Selisik Pesan dari Kisah Pahatan dan Mural Kuno di Cu An Kiong Lasem

By Agni Malagina, Senin, 12 April 2021 | 09:00 WIB
Mural dalam Klenteng Cu An Kiong, Lasem. (Mahandis Y. Thamrin/National Geographic Indonesia)

Bangunan utama klenteng ini dipenuhi oleh aneka ragam hias simbolik penuh makna yang menggambarkan prinsip Yin dan Yang. Ornamen simbolik Yin berupa burung hong atau phoenix terpahat di bagian kiri teras klenteng sedangkan ornamen simbolik Yang berupa naga terpahat di bagian kanan klenteng.

Dinding depan yang terbuat dari kayu menyatu dengan pintu-pintu yang dipenuhi ukiran bunga-bunga dalam vas. Pada bagian atap terdapat ukiran detil diorama yang terinspiransi dari Roman Tiga Negara, San Guo Yan Yi.

Dinding dalam bagian Klenteng Cu An Kiong dipenuhi mural. Uniknya, mural di Klenteng ini berbeda dengan beberapa klenteng besar semacam Klenteng Besar Cirebon, Klenteng Dhangun Bogor dan beberapa klenteng lainnya yang memajang mural Roman Tiga Negara.

Baca Juga: Nyah Kiok dan Tujuh Bidadari Lasem, Kisah Batik Tiga Negeri Pantura

Terdapat empat pahatan bunga di pintu Klenteng Cu An Kiong, Lasem. Salah satunya bunga peony, rajanya bunga. Dalam tradisi Cina, bunga ini menyimbolkan musim semi yang menyambut musim panas, bisa juga simbol kejayaan dan keanggunan. (Mahandis Y. Thamrin/National Geographic Indonesia)

Tak banyak yang mengetahui kisah lukisan di dinding Cu An Kiong. Mural monokrom hitam putih itu diambil dari 100 panel ‘komik’ Fengshen Yanyi, yang dikenal juga dengan nama Fengshenbang atau Kisah Mitologi Dewa-Dewa Taois karya Xu Zhonglin.

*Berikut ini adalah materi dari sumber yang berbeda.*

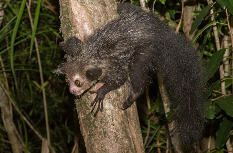 Ksukol ocasatý, známý také jako Aye aye, je možná nejpodivnějším zástupcem řádu primátů. Tato vzácná poloopice žijící na Madagaskaru má neobyčejně velké uši, permanentně dorůstající řezáky a zejména neobyčejné prsty na horních končetinách.
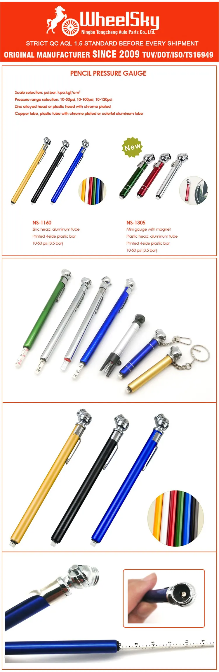 Prucuct Name | Wheelsky Promotion Colorful Auto Vehicle Car Motorcycle Bike Pencil Pen Type AirTire Pressure Gauges | ||||||

Fengshen Yanyi ditulis pada masa Dinasti Ming (1368-1644), terbit pada 1550. Karya itu berkisah mengenai mitologi dewa dewi Cina yang sarat mitos, sejarah, dan legenda—yang diperkuat dengan fantasi sang pengarang.

Baca Juga: Hikayat Toleransi: Mengenal Tasamuh di Ponpes Al Hidayat Lasem

Satu dari sekian pahatan yang menghiasi pintu depan Klenteng Cu An Kiong, Lasem. Menurut Agni Malagina, mungkin sosok perempuan itu adalah He Xiangu, salah satu dari delapan dewa dalam mitologi Cina, yang mengendarai burung bangau. (Mahandis Y. Thamrin/National Geographic Indonesia)

Komik ini mengambil latar masa akhir Dinasti Shang (1600-1046 SM) dan masa kebangkitan Dinasti Zhou (1046-256 SM). Bercerita tentang penggulingan Raja Zou (Dinasti Shang) oleh Raja Wu dari Dinasti Zhou yang dibantu oleh pahlawan tempur, dewa-dewi, roh halus, dan mahluk jadi-jadian. Begitu detilnya gambaran torehan tinta pada dinding Cu An Kong sehingga gambar itu tampak hidup.

Klenteng yang pernah dipugar besar-besaran pada tahun 1869 rupaya juga menyimpan aneka kuplet dan papan bertuliskan aneka peribahasa simbol keselamatan dan keindahan. Kuplet itu dibuat pada masa Kaisar Guang Xu dari Dinasti Qing yang memimpin antara 1875-1908.

Klenteng ini bukan saja memiliki keindahan bangunan, tetapi juga dipenuhi oleh aneka makna simbolik dan nilai moral di dalamnya—tak terkecuali kisah magis yang melingkupinya.

Baca Juga: Ekawatiningsih Menjaga Rumah Kuna dan Warisan Batik Tiga Negeri Lasem

Mural monokrom hitam putih itu diambil dari 100 panel ‘komik’ Fengshen Yanyi, yang dikenal juga dengan nama Fengshenbang atau Kisah Mitologi Dewa-Dewa Taois karya Xu Zhonglin. (Mahandis Y. Thamrin/National Geographic Indonesia)

—Artikel ini pernah terbit pada 9 September 2015 dengan judul Menyingkap Kisah Pahatan dan Mural Kuno di Lasem.